Multilingual Adaptation of Large Language Models via Continual Pretraining

32,000
Awarded Resources (in node hours)
MareNostrum5 ACC
System Partition
3 June 2024 - 2 June 2025
Allocation Period

AI Technology: Natural Language Processing, Generative Language Modeling

 

The project team proposes a suite of multilingual continual pretrained Dense and Mixture-of-Expert (MoE) models at different size tiers for different types of workloads that have different inference compute constraints. 

The project is composed of two main phases: a continual pretraining phase of dense models and another of MoE models.

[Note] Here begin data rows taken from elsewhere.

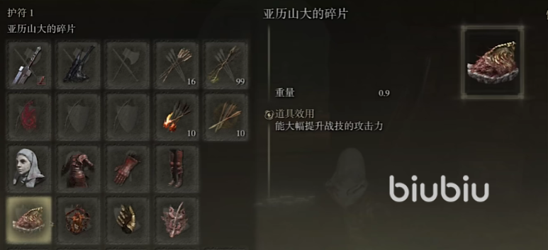 另外还可以带一把古铁陨石大剑,推图的时候使用,对人形怪物以及精英怪的压制力很强,出手距离很远,方便清理怪物。然后选择能够大幅度提升战斗的装备,比如亚历山大的碎片、鲜血君王的欢愉、米莉森的义手、腐败翼剑徽章,这些组合起来的实战效果可以说是非常爆炸了。
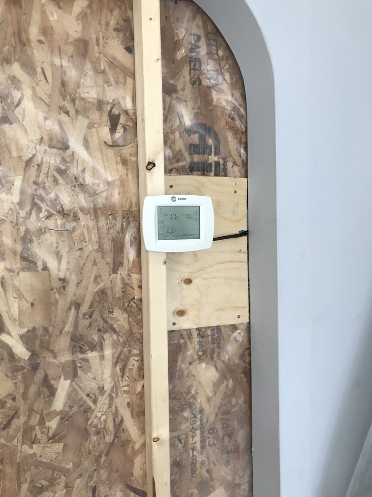 There was a hole in the wall between the construction side and the living side of the house so that the thermostat (which was on the construction side) could be exposed to the air temperature we're living in. Today, our cat Finlay figured out he could jump through it to see what all the commotion was on the construction side. So we had them seal up the hole, but move the thermostat to "our" side.
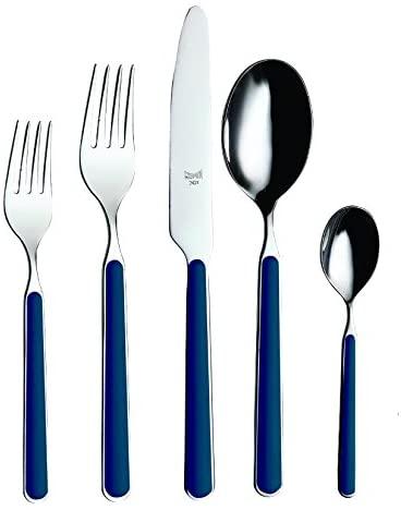 Made in Italy with the highest quality of 18/10 stainless steel and resin made with Nylon and Fiberglass. Colorfull, elegant and timeless shape. The Stainless Steel body goes all the way to the end of the handle. The 2 shelves that make the handle are not glued together but they are welded to become a whole piece. Knives have double serration for a durable sharpness. Dishwasher safe, durable and food safe. Life time warranty on the handle.

The first is motivated on 

  • (i) the fact that adapting existing pretrained models is considerably less expensive than pretraining a model from scratch and; 
  • (ii) leverages Unbabel extensive experience in developing adapted LLMs. 

The second phase is motivated on MoE models rivaling dense models of bigger capacity at a much lower training and inference cost. 

The outcomes of this project would boost Unbabel's position in the language technologies space, with a tiered model suite that could be used to deliver high-quality services across a wide range of domains, applications, and languages. 

Likewise, the outcomes of this project will also help the research community working on multilingual language applications by releasing a new suite of advanced language models, combined with details on how they are produced.